Faced with slumping earnings and a depressed stock price, Tenet Healthcare Corp. agreed Tuesday to give two newly created board seats to its largest shareholder for a “stand-still” pledge to not challenge the board or management at the upcoming annual meeting.
Under the deal, according to documents filed with the U.S. Securities and Exchange Commission, Tenet increased the size of its board of directors, now 12, to accommodate two appointments from Glenview Capital Management, Tenet's largest shareholder with nearly an 18% equity stake in the hospital giant.
Glenview designated Matthew Ripperger and Randy Simpson for the seats. The executives, both partners in Glenview, immediately joined Tenet's board and will be included on a slate that all Tenet shareholders will vote on at the company's upcoming annual meeting, the documents show.
In a news release, Tenet CEO Trevor Fetter said Simpson and Ripperger have healthcare expertise that the company aims to use to increase shareholder value.
“Glenview has been a substantial investor in our company for nearly four years and we have appreciated their collaborative approach and constructive input,” Fetter said.
A Glenview spokesman said the company would not comment beyond the filings.
By next year's annual meeting, Glenview may be in the position to pick two additional board members if it adheres to the agreement, according to the documents.
For its part, Glenview agreed this year and next not to participate in any shareholder proxy that would disrupt the finances and control of the company.
Specifically, the agreement precludes Glenview from nominating any person for election at the next two annual meetings or “submit any proposal for consideration at, or bring any other business before, the 2016 Annual Meeting or the 2017 Annual Meeting, directly or indirectly.”
Glenview is a New York City-based hedge fund with $10 billion under management. It owns 17.9 million common shares of Dallas-based Tenet.
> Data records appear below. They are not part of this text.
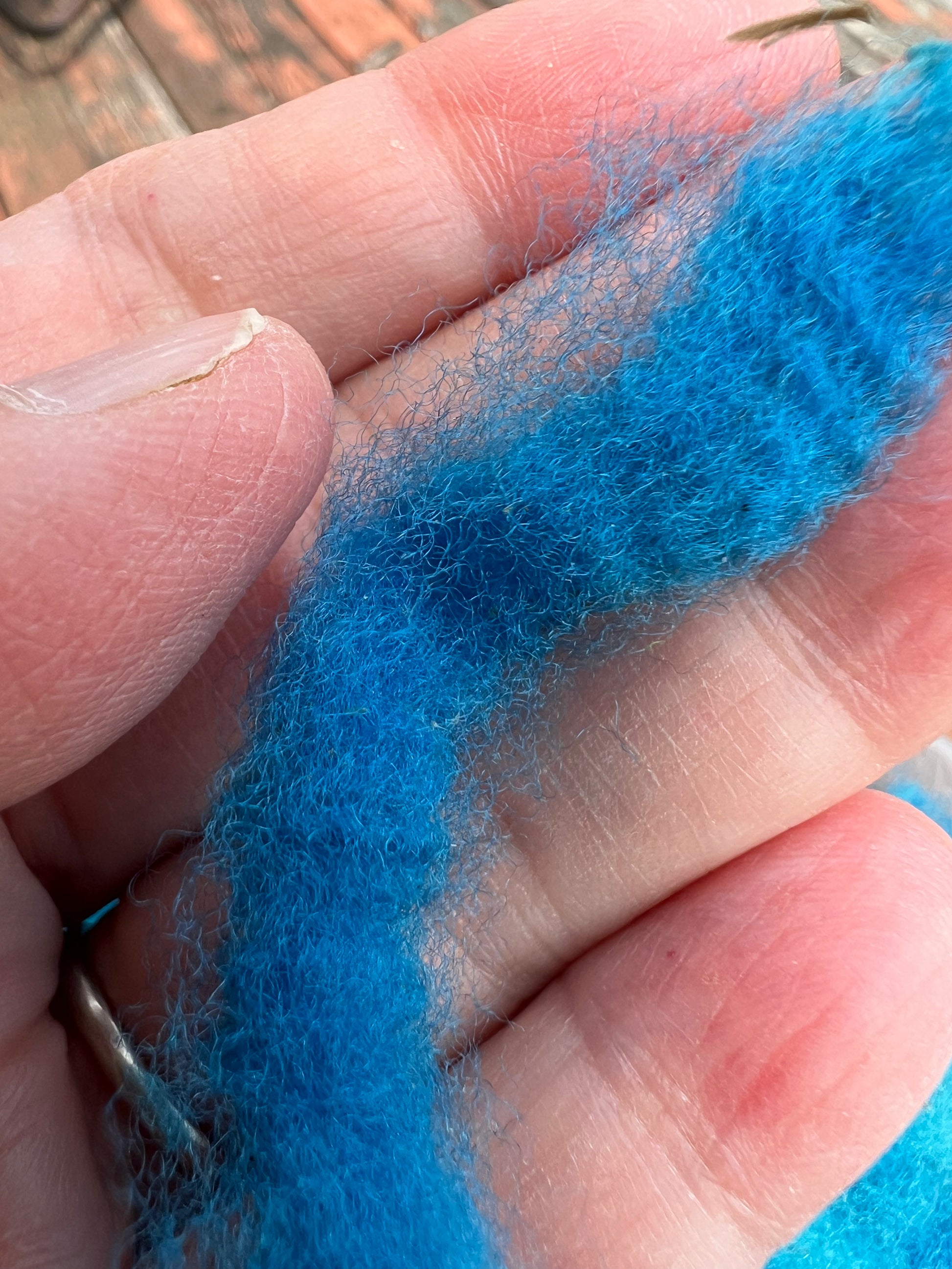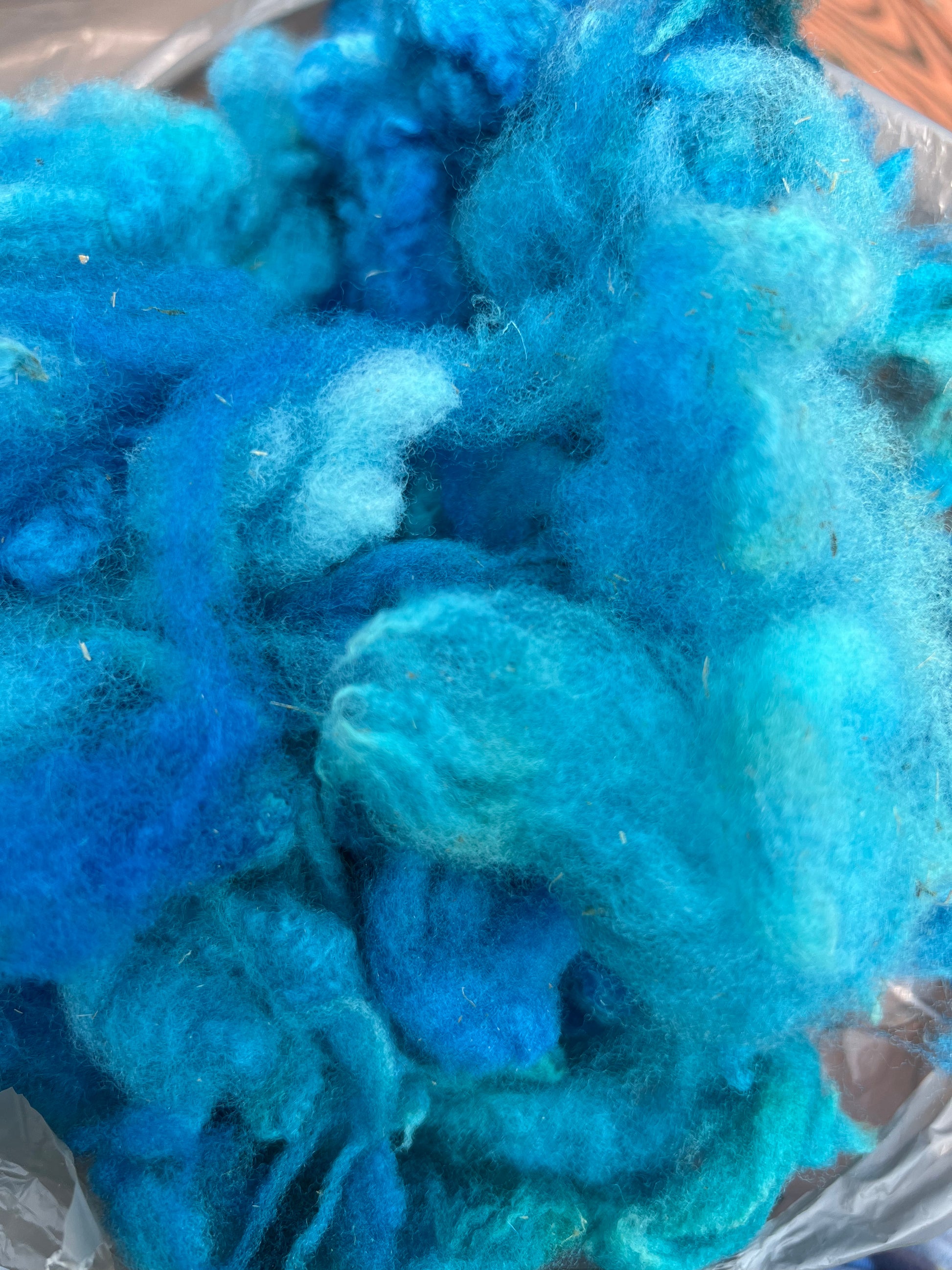 100% Polypay a soft crimpy wool that spins up into a bouncy yarn that is great for knitting. This hand-dyed fiber can be carded, combed or simply pulled apart for Spinning from a fiber cloud.. Polypay makes a warm lofty, round three ply yarn. Very easy to spin. I recommend it to new spinners because it can be easily spun short or long draw. 4+ oz.
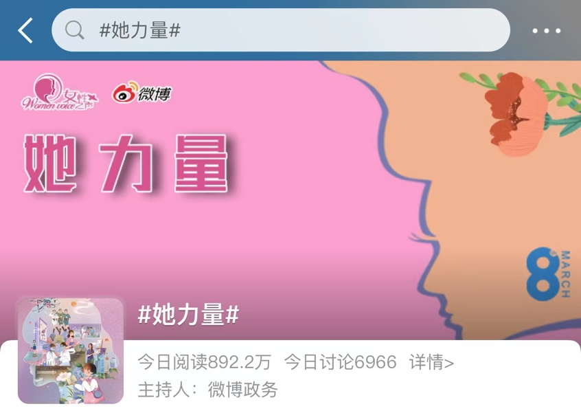该活动是由全国妇联宣传部@全国妇联女性之声、@微博政务 共同发起 #她力量# 活动,携手政务各行业官微、联动多领域大V参与互动,从更多角度展示新时代女性力量和风采。
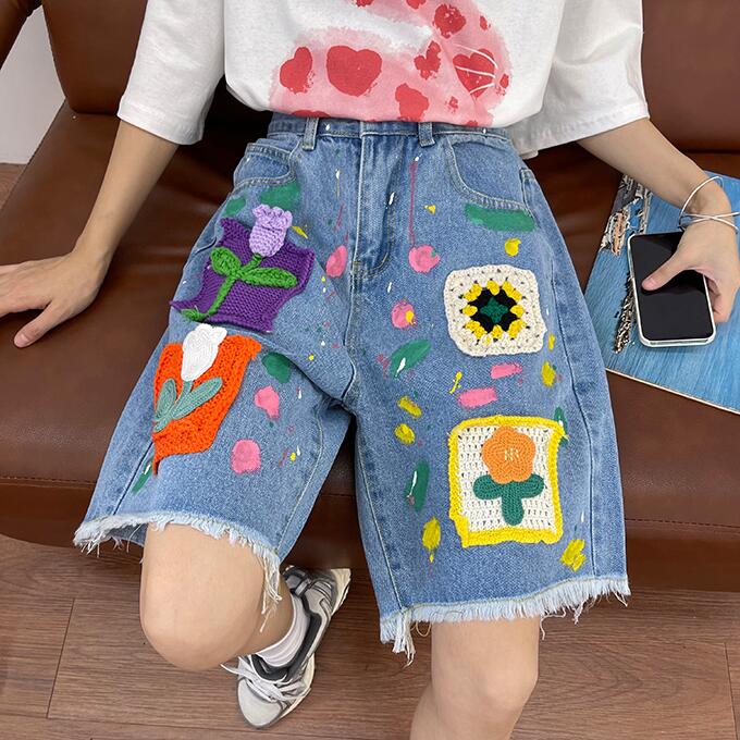 Harajuku & Fashion flower crochet jeans denim shorts.
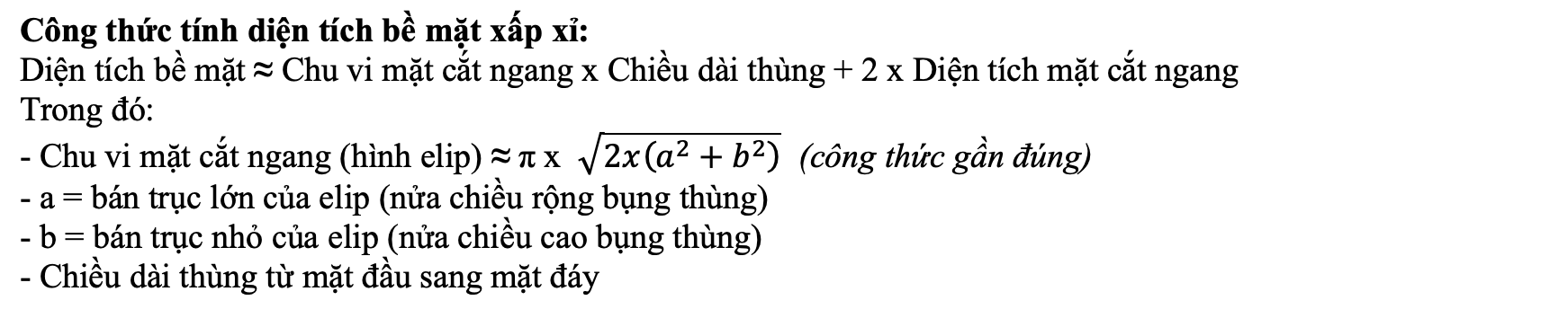 - Một thùng 225L có diện tích bề mặt 2.605 m² → SA/V = 2.605/225 ≈ 0.012 m²/L.
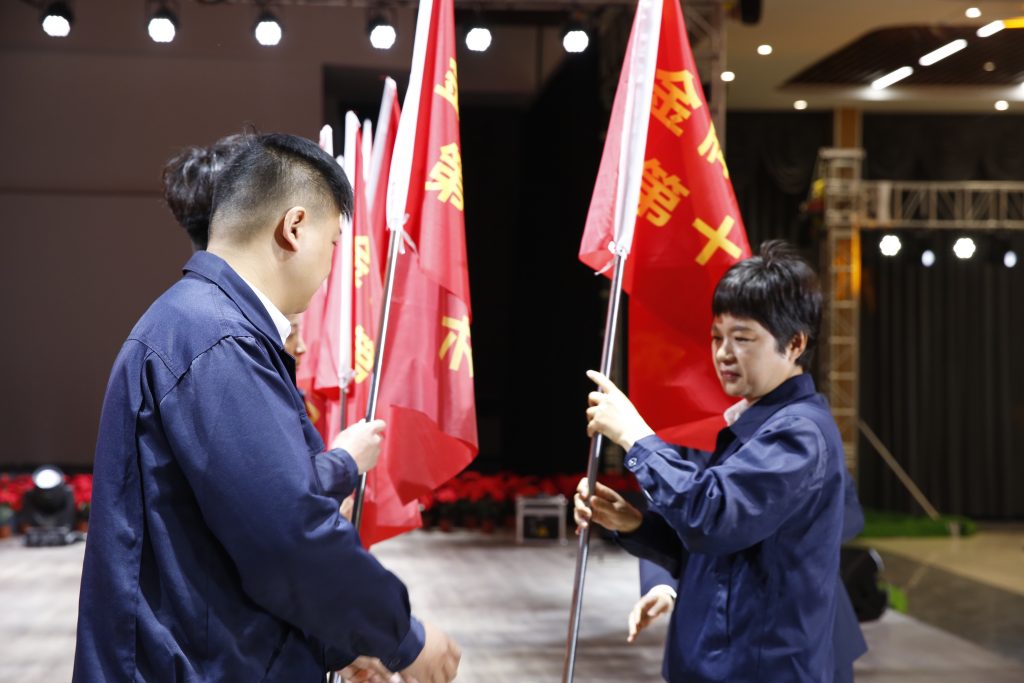此次训练营共分为12小组,常务副总经理谢保华向训练营分别授营旗和组旗,这十三面责任重大、寓意深远的旗帜,凝聚着班组长求知的决心,凝结着JNTY江南人奋进的力量。
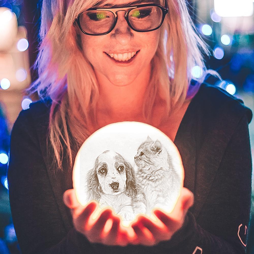 Lampe Lunainre 3D Lampe Photo Cadeau Pour Les Amoureux des Animaux - Télécommande 16 Couleurs
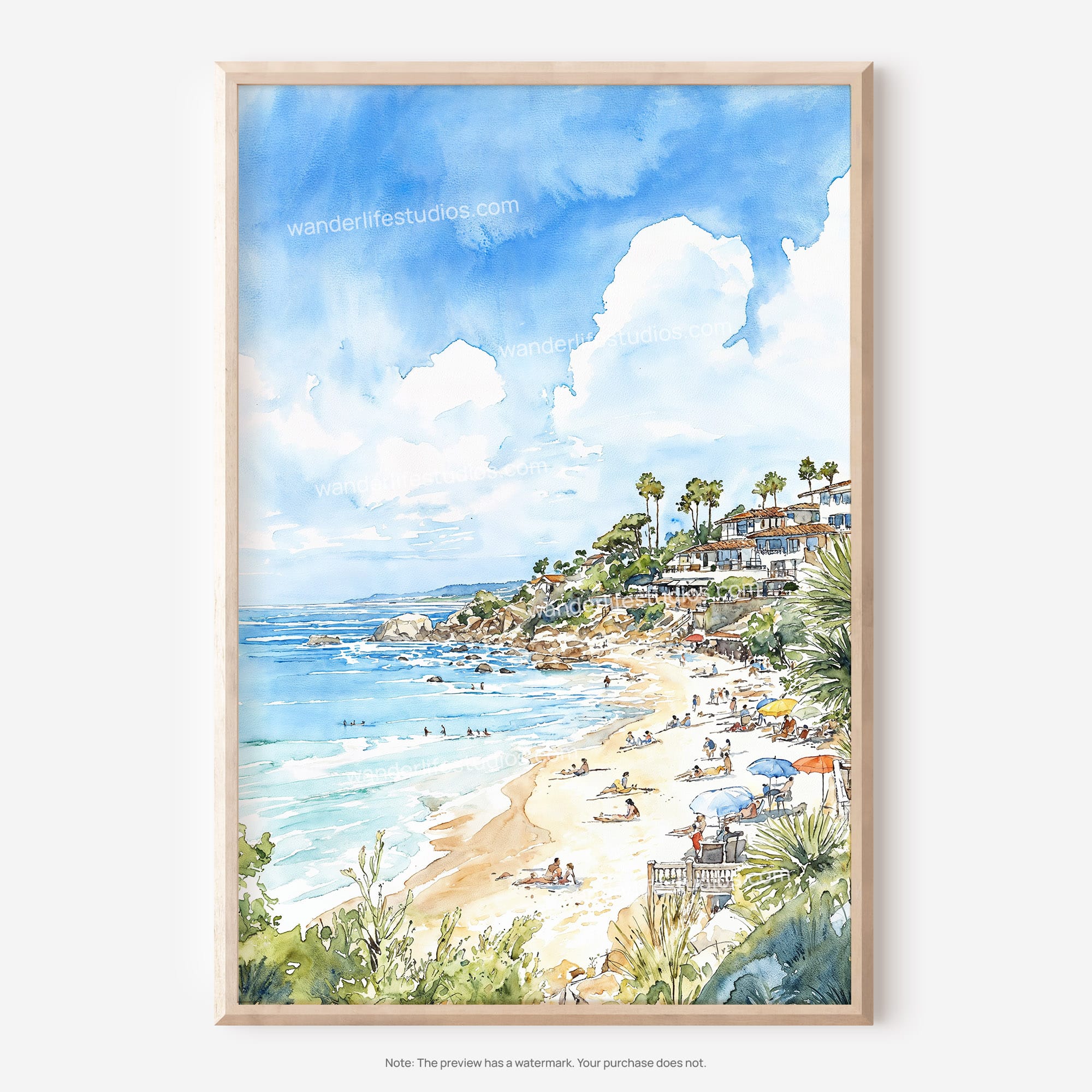 Laguna Beach Watercolor Art – Coastal Digital Download Wall Art
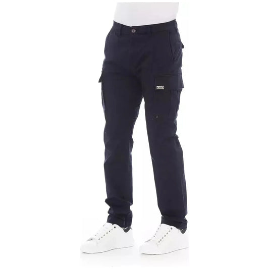 正面印有优雅图案的时尚蓝色棉质 T 恤
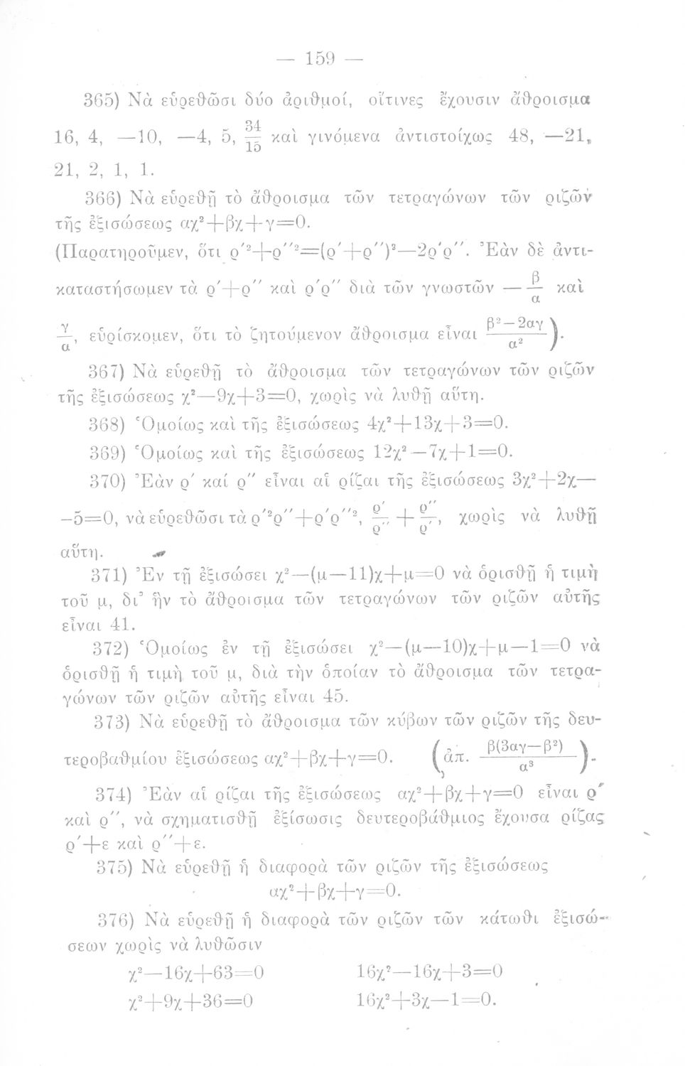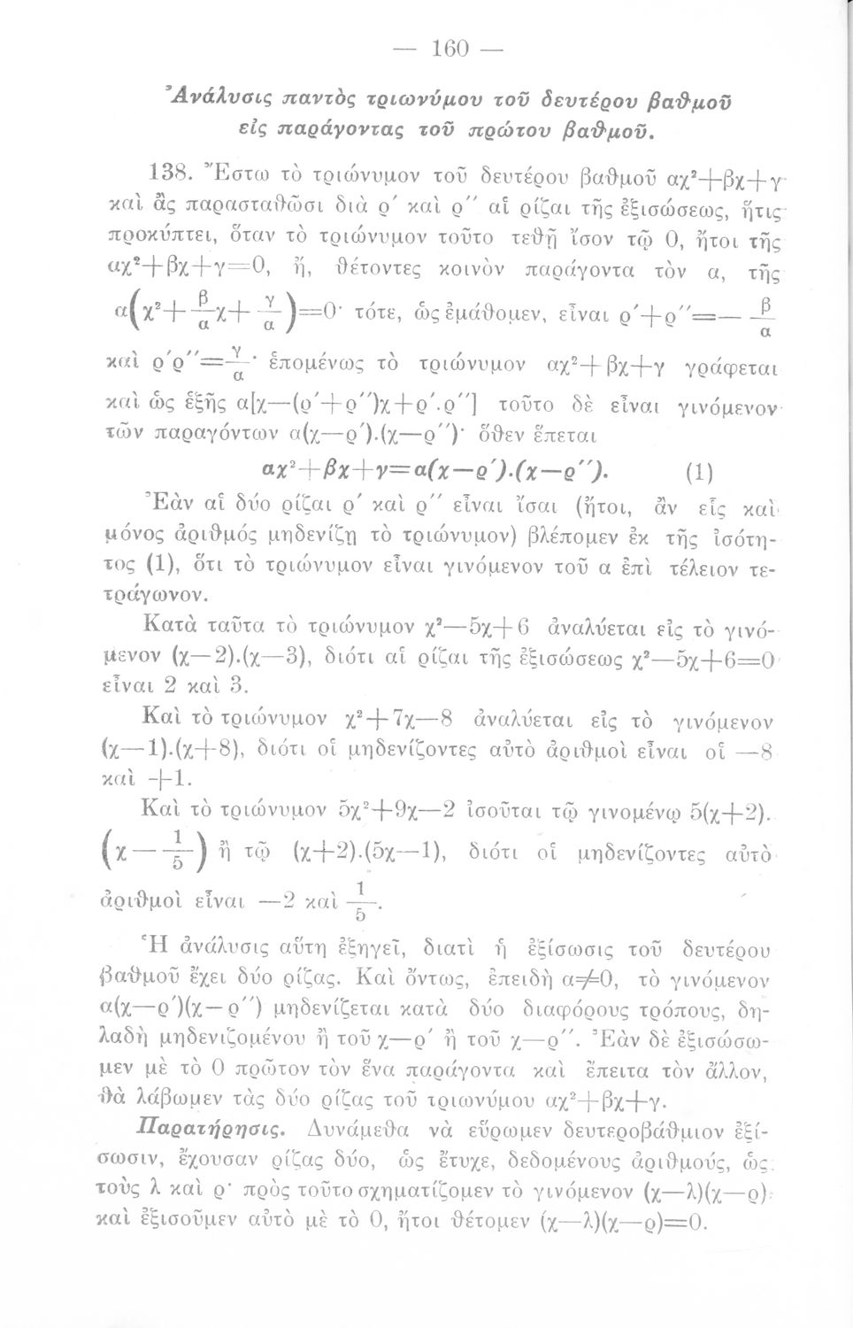 Βαθμίδα εκπαίδευσης: Δευτεροβάθμια Τάξη: Γυμνάσιο Μάθημα: Άλγεβρα Γλώσσα: Καθαρεύουσα Παρουσίαση περιεχομένου: Σχολικό εγχειρίδιο Άλγεβρας που εστιάζει στις αλγεβρικές παραστάσεις, στις εξισώσεις α΄ και β΄ βαθμού, στις αριθμητικές προόδους και στους λογάριθμους. |
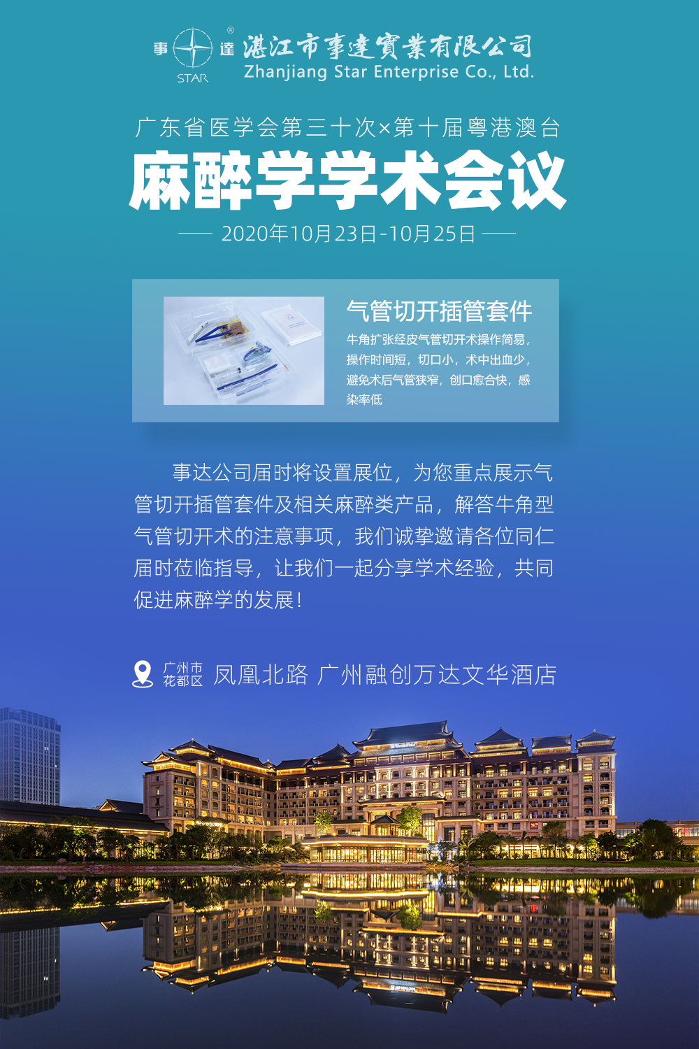 事達(dá)公司屆時將設(shè)置展位,為您重點展示氣管切開插管套件及相關(guān)麻醉類產(chǎn)品,解答牛角型氣管切開術(shù)的注意事項,我們誠摯邀請各位同仁屆時蒞臨指導(dǎo),讓我們一起分享學(xué)術(shù)經(jīng)驗,共同促進(jìn)麻醉學(xué)的發(fā)展!
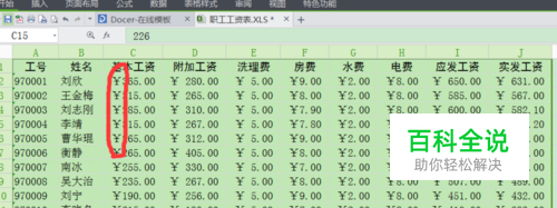 再按enter键,数据前面就会出现人民币符号,旁边的表格是没有设置格式的。

On Oct. 22, Glenview purchased 500,000 shares at about $30 per share on average, according to SEC documents. It bought another 900,000 shares between Nov. 11 and Nov. 13 for a little more than $32 a share on average, the documents show.
Tenet has been dealing with a plethora of problems since midyear, with the healthcare chain's stock plunging from $60.78 per share on July 14, to $23.08 on Jan. 15.
In its fiscal third quarter ended Sept. 30, Tenet's earnings swung to a net loss of $29 million. The company badly missed analyst targets. It blamed flattening patient volumes from Medicaid and insurance exchange sign-ups.
Tenet also is highly leveraged from a debt-funded acquisitions strategy that included the blockbuster purchase last year of Aspen Healthcare . It now has 84 hospitals and posted net operating revenue of $13.6 billion through the nine months ended Sept. 30.
Then last week, Tenet announced that it is in settlement talks with the government over allegations that four of its hospitals in Georgia and South Carolina paid kickbacks for maternity referrals.
Tenet had already set aside $20 million to go toward a potential settlement of the matter—but that amount may not cover the final cost, according to another SEC filing.
Tenet said that the liabilities could exceed the reserve they established and could have a material adverse effect on their business, financial condition or cash flows.
Tenet's stock price today rose 93 cents, or 4%, to close at $24.01.